Regarding the Meister et al. study -- as we've pointed out many times before, CV discrimination is dependent on frontal lobe integrity, unlike speech recognition/comprehension. So in effect, using a discrimination task to assess frontal motor involvement in speech perception is cheating if you want to generalize the claim to speech recognition (i.e., ecologically valid speech processing). If the claim is just that frontal motor cortex is important for CV discrimination (which doesn't predict speech recognition behavior), then I'm totally good with that, but of course, we knew that already from aphasia research published in the 1970s and 1980s.
Good points--the possibility of a 'perceptual theory of speech production' means that we can now only count as evidence for motor theory cases where pure perception is affected by motor properties. My friend Henny Yeung was talking to me a few years ago about an experiment where blowing a puff of air against a person's throat would affect their perception of aspiration. Don't know if that was a real or thought experiment, but seems like that would be more the type of thing that you'd want to look for.
I see the top-down point, but it puts a lot of constraint on the evidence that we would consider definitive--since now we can just explain any motor effects as 'late', and since you can see top-down effects within a few hundred ms, seems like the only evidence that could speak to the question would have to use some kind of electrophysiological measure...
Thanks for your reply Greg.
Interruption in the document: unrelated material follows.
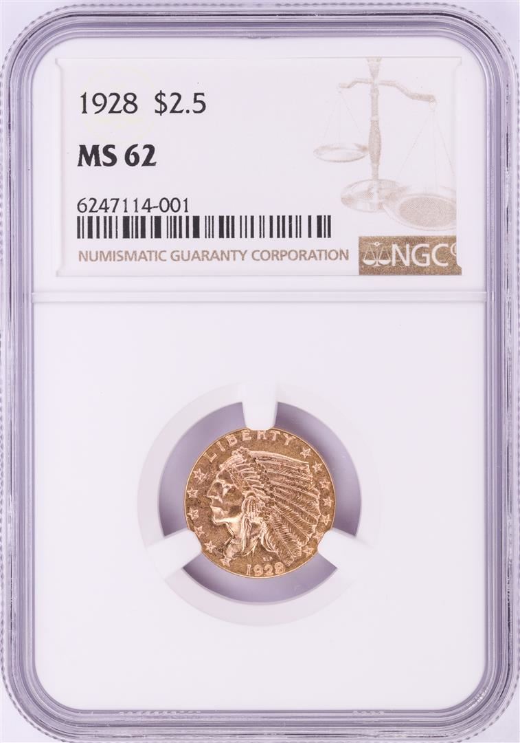 One 1928 $2 1/2 Indian Head Quarter Eagle Gold Coin NGC MS62. NGC Certified.

Word perception and syllable discrimination do doubly dissociate in some cases; in other cases, I guess, they do not. We don't have a right to make general conclusions that nowhere in the brain does impaired syllable perception predict impaired word recognition.
Stimulation in the Meister and colleagues' study was more posterior and higher than Broca's area for which most of arguments on syllable/word dissociation were developed. I'm not aware of an aphasia case arising from destroyed upper PMC (not inferiofrontal areas) that would have word perception spared with syllable perception affected. Thus we can not straight away exclude the possible effect of PMC TMS stimulation on word perception as well.
This is not to say that experiment with real words is not needed to complement Meister et al. study, but to say that we have no grounds to suggest that the observed phenomena have nothing to do with speech perception.
Another good point Daniel. I would actually predict that word recognition and syllable discrimination are correlated in patients with damage to the superior temporal lobe. The impairments however, would probably not be identical in magnitude due to differences in lateralization: disc = more left involvement, recog = more bilateral.
Well, transcortical motor aphasia has a loose association with lesions either anterior or posterior to Broca's region, but the real point is that most Broca's aphasics have very large lesions that involve more dorsal PMC areas, so I'd be willing to bet that the two tasks dissociate following damage to that region.